Why doesn't the “zig-zag” comb deformation retract onto a point, even though it's contractible?

Question

I am starting to read Hatcher's book on Algebraic Topology, and I am a little stuck with exercise 6(c) in Chapter $0$. Unfortunately a picture is involved so it doesn't quite make sense for me to repeat it here - but I'll do it anyways (maybe it helps)

Let $Z$ be the zigzag subspace of $Y$ homeomorphic to $\mathbb{R}$ indicated by the heavier line in the picture: Show there is a deformation retraction in the weak sense of $Y$ onto $Z$, but no true deformation retraction."

Now the definition for deformation retraction and weak deformation retraction as as follows:

We say that $f: X \to X$ is a deformation retraction of a space $X$ onto a subspace $A \subset X$ if there exists a family of maps $f_t : X \to X$ with $t \in [0,1]$ such that $f_0 = \mathbb{1}$ (the identity) and $f_1 (X) = A$ and also $f_t$ restricts to the identity on $A$ for each $t$.

A weak deformation retraction is almost the same, only that we now relax the conditions $f_1(X) = A$ to $f_1 \subset A$ and, for each $t \in [0,1]$ we require that $f_t(A) \subset A$.

Hence, as far as I understand the question and the concepts involved, I need to show that basically no map can be constructed such that the bold zigzag - line stays put while the thin lines retract to the bold line over a finite time interval $0 \leq t \leq 1$. However, I should be able to show that I can pull the thin lines continously onto the thick line, provided I am allowed to move points on the zigzag line .. is that correct ?

Now, the problem is I can't see why I shouldn't be able to do the former, given that I could find a weak deformation retract.
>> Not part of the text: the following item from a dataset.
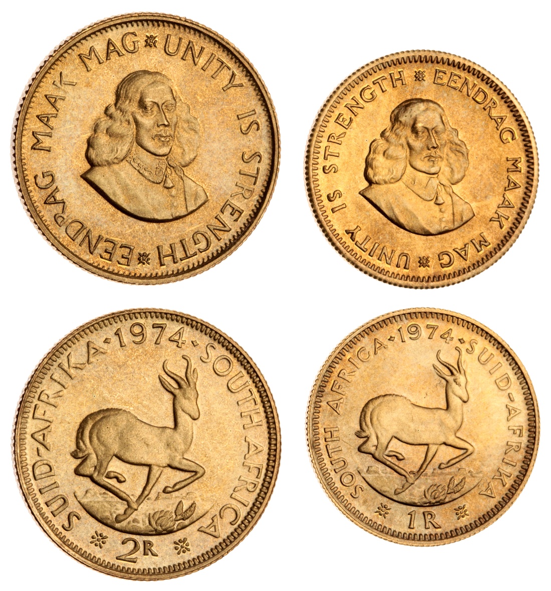 (g) South Africa, Proof Two Coin Set, Gold Two Rand to Gold Rand, 1974, bust facing right, rev. springbok facing right, milled edge, 7.98g; 3.98g (KM PS92), brilliant and as struck, in Royal Mint case of issue (2)
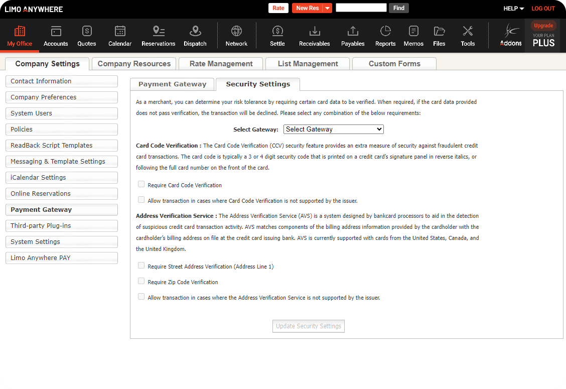 The settings are located at “My Office” -> “Company Settings” -> “Payment Gateway” -> “Security Settings”. Here’s a breakdown of each setting:

Any help would be great!

Answer 1

Hint: $Z$, being homeomorphic to $\mathbb{R}$, deformation retracts to a point. Compositions of deformation retractions are deformation retractions (composition in the sense of doing the first deformation retraction for $0\leq t\leq \tfrac{1}{2}$, and doing the second for $\frac{1}{2}\leq t\leq 1$). Thus, if $Y$ deformation retracts to $Z$, it must also deformation retract to a point. Do you see why this is impossible? The argument uses Problem 5 in the same section. The details are in a spoiler box below (put your cursor over it to reveal).

By Problem 5, any neighborhood $U$ of such a point would have to contain an open set $V$ whose inclusion $i:V\hookrightarrow U$ is nullhomotopic; however, this is impossible because any open set $V$ will meet non-path-connected parts of $U$.

Answer 2

The following argument uses the compactness of $I$ in a way different from that used in the 'lemma' of problem 0.5 of the book.

To show that the entire space $Y$ cannot deformation retract to any point $x\in Y$, consider a sequence of points $x_{n}\rightarrow x,$ with each point $x_{n}$ being in a unique distinct strand (the red dots in the figure are supposed to represent the points of the sequence $x_{n}$).

If $Y$ deformation retracts to $x\in Y$, there is a continuous path from $x_{n}$ to $x$, for each $n\geq 0 $. Each such path has to pass through the point $B$ at least once. (if you remove the point $B$ from $Y$, then $x_{n}$ and $x$ are in two distinct path components, hence there cannot exist any path between the two points avoiding $B$).

Given $n$, consider the 'time' $t_{n}$ when $x_{n}$ is first mapped to the point $B$. Then consider the sequence $(x_{n},t_{n})\in Y\times I$. Because $I$ is sequentially compact, we have a converging subsequence $t_{n_{i}}\rightarrow t\in I$. Then $(x_{n_{i}},t_{n_{i}})\rightarrow (x,t)$. Let $F:Y\times I\rightarrow Y$ be the continuous map that gives the deformation retraction. Then the sequence lemma implies $F(x_{n_{i}},t_{n_{i}})\rightarrow F(x,t)$. This is a contradiction as $F(x_{n_{i}},t_{n_{i}})=B \ \forall n_{i}\geq 0$ as constructed, and $F(x,t)=x$, because it is a deformation retraction.

A similar argument can be applied to points $z\in Z$, to show both the facts that there is no def. retraction of $Y$ to $Z$, nor one from $Y$ to $z$.